I noticed when I manually test some of the shown queries that it only shows this output when there is something to do.  I don't think I've changed anything , it ran fine yesterday.  I've checked the target tables and the records of yesterday are there and work fine (half million).  I really figured I contained this enough at this point.  I will investigate.

Other table, same test  (one that worked for sure yesterday)

Attachment: output_txn50.txt (text/plain), 38.14 KiB.

As for bug #49161, I don't see a problem it when I run check on the table but this is of course an Archive table, not sure how far check works on them.  If this was the case and these files get corrupted somehow, why does it only happen for Archive tables apparantly ?

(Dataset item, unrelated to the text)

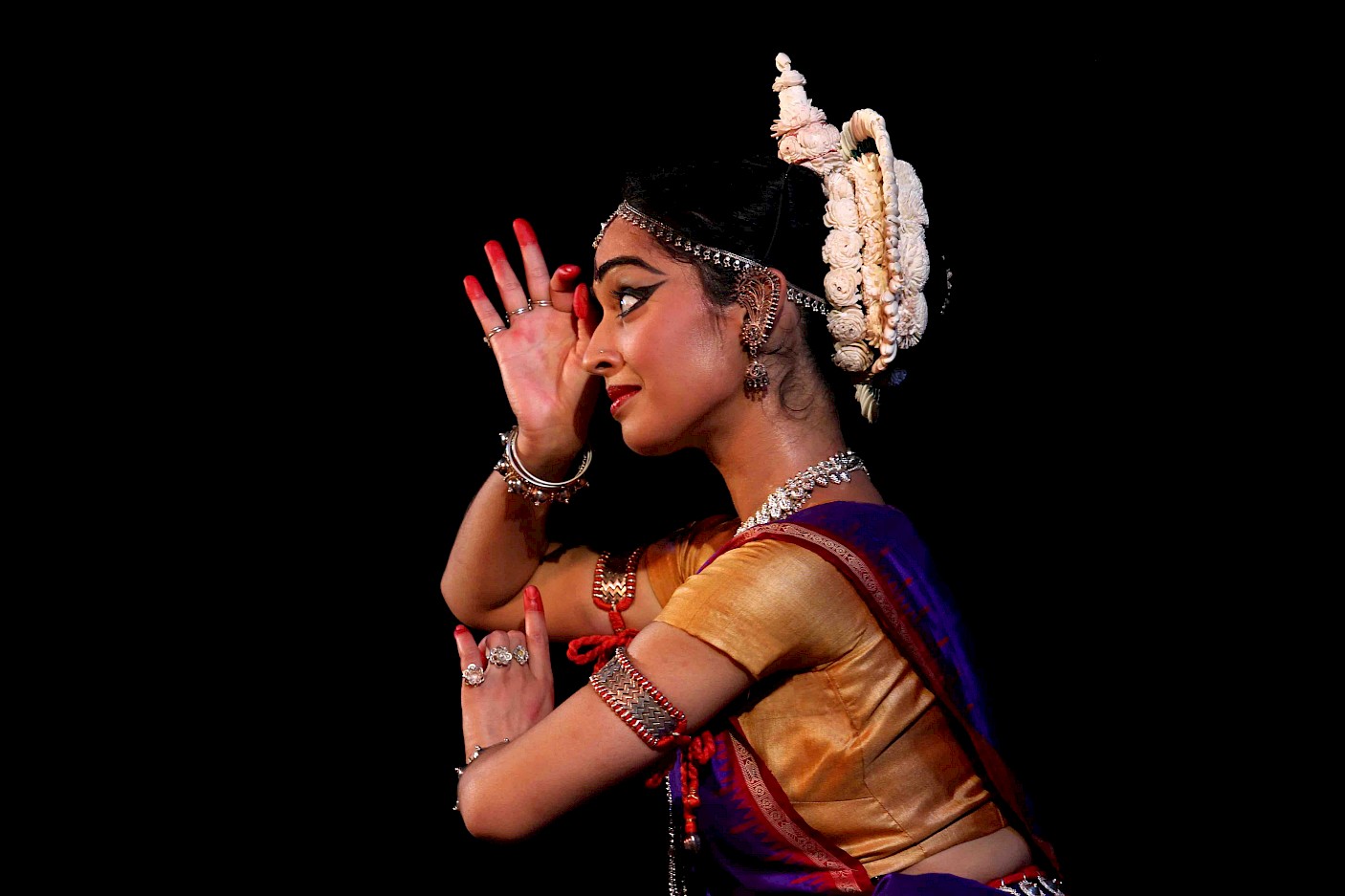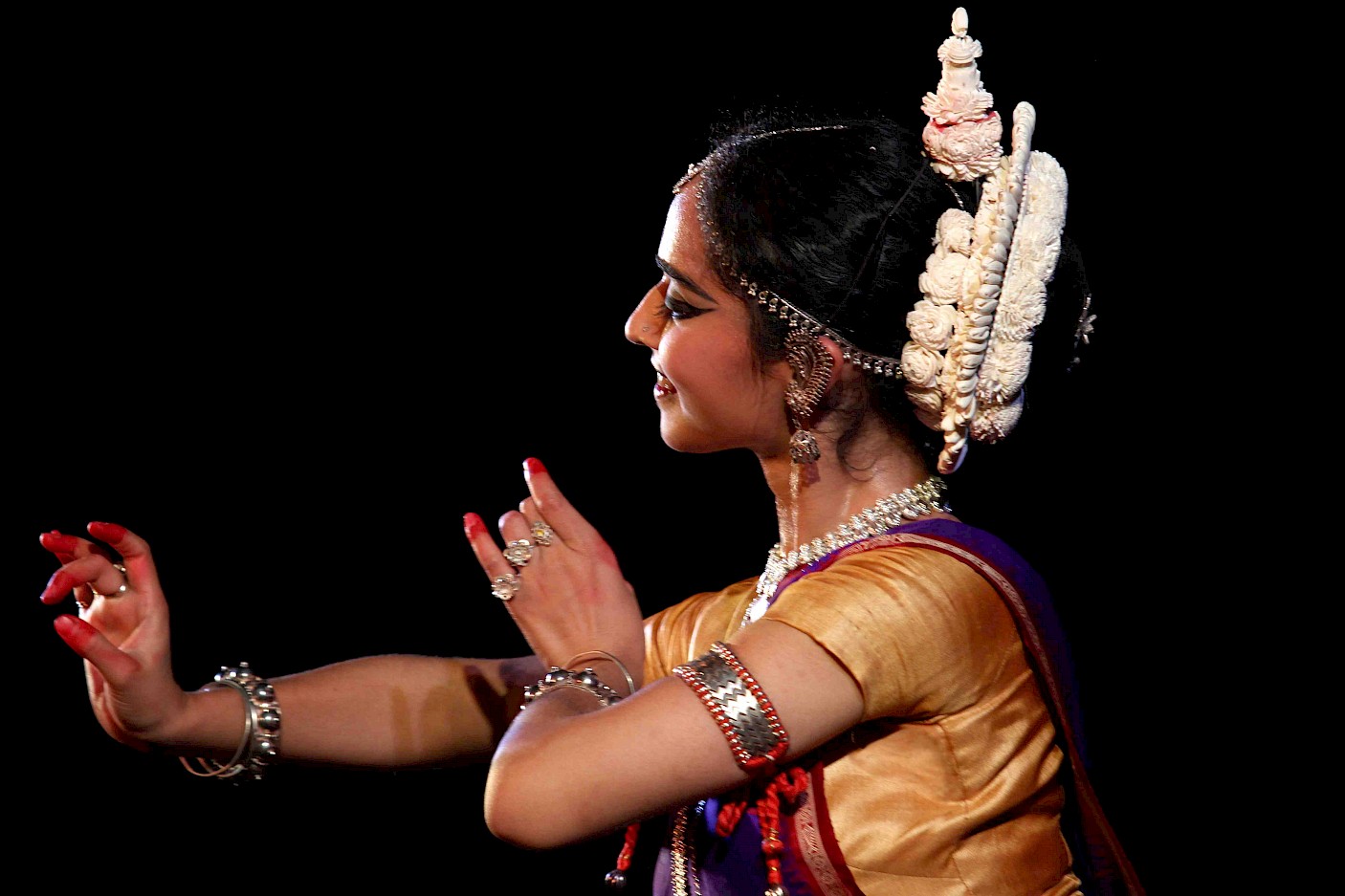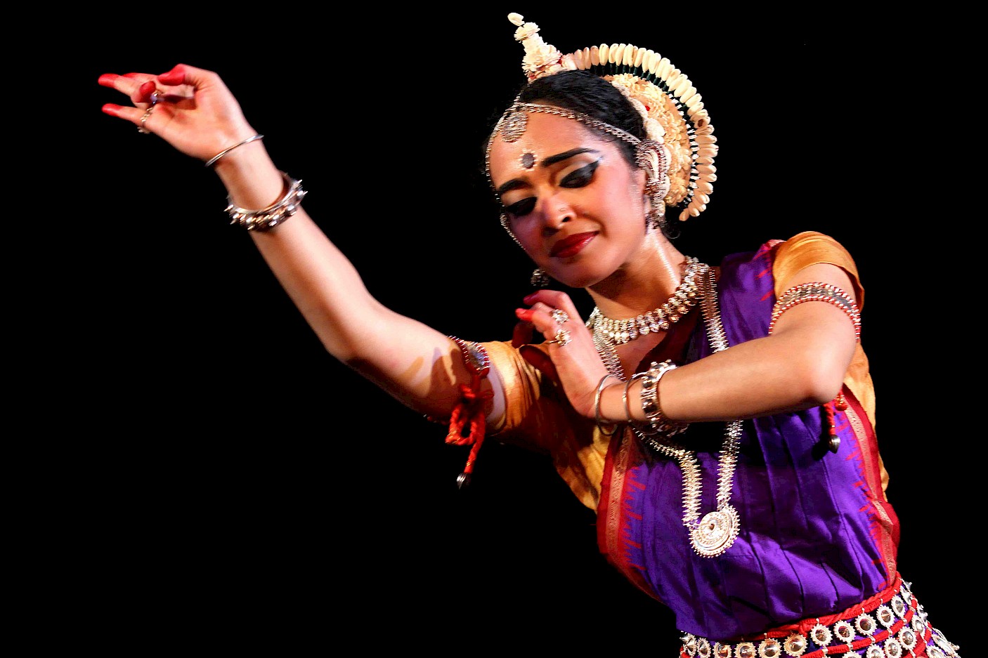 I presented work learnt from my first Odissi teacher Kiran Segal with a mix of compositions by her and her guru, Mayadhara Raut. The repertoire included Mangalacharan (Saraswati Vandana), Batu, Abhinaya (Sangini re raasa rangini re), Pallavi (Raga Mohana), Sabhinaya nritya (Sangini re chanhan).

mysql> check table his_Event_syncomict;
+-------------------------------+-------+----------+----------+
| Table                         | Op    | Msg_type | Msg_text |
+-------------------------------+-------+----------+----------+
| Historics.his_Event_syncomict | check | status   | OK       |
+-------------------------------+-------+----------+----------+
1 row in set (1.00 sec)

Also I don't use innodbbackup at all.  My par files dont look broken or are missing, if there is a problem its some logical corruption.

As for #48238 I'm not running out of memory during dauly operations, I never have that error.  Let me know what you need.  Thanks for looking into this.

Thank you for the feedback.

I can not repeat described behavior with test data. Additionally version 5.1.41 is outdated. Please try current version 5.1.43 and if problem still exists provide your configuration file.

5.1.41 outtdated ?   With all due respect, there is nothing in the changes lists of either 5.1.42 nor 5.1.43 that even remotely connects to this issue, upgrading a production machine to the latest/greatest is not only a lousy practice, I cannot see where this would help me? I studied the changes lists in detail of those 2 more recent versions.  Unless some changes which could apply here weren't documented I see no value in upgrading.  I would if It could even remotely help me, but there is nothing new in the archive engine since 5.1.41 so why even bother risking my data.

I can assure you it is there, I can reproduce at will, bring the DB down in the process.  the last restart I did on this DB was the day I logged this bug. I should be safe to assume it is stable.  Only when I start hitting archive tables as described it becomes unstable.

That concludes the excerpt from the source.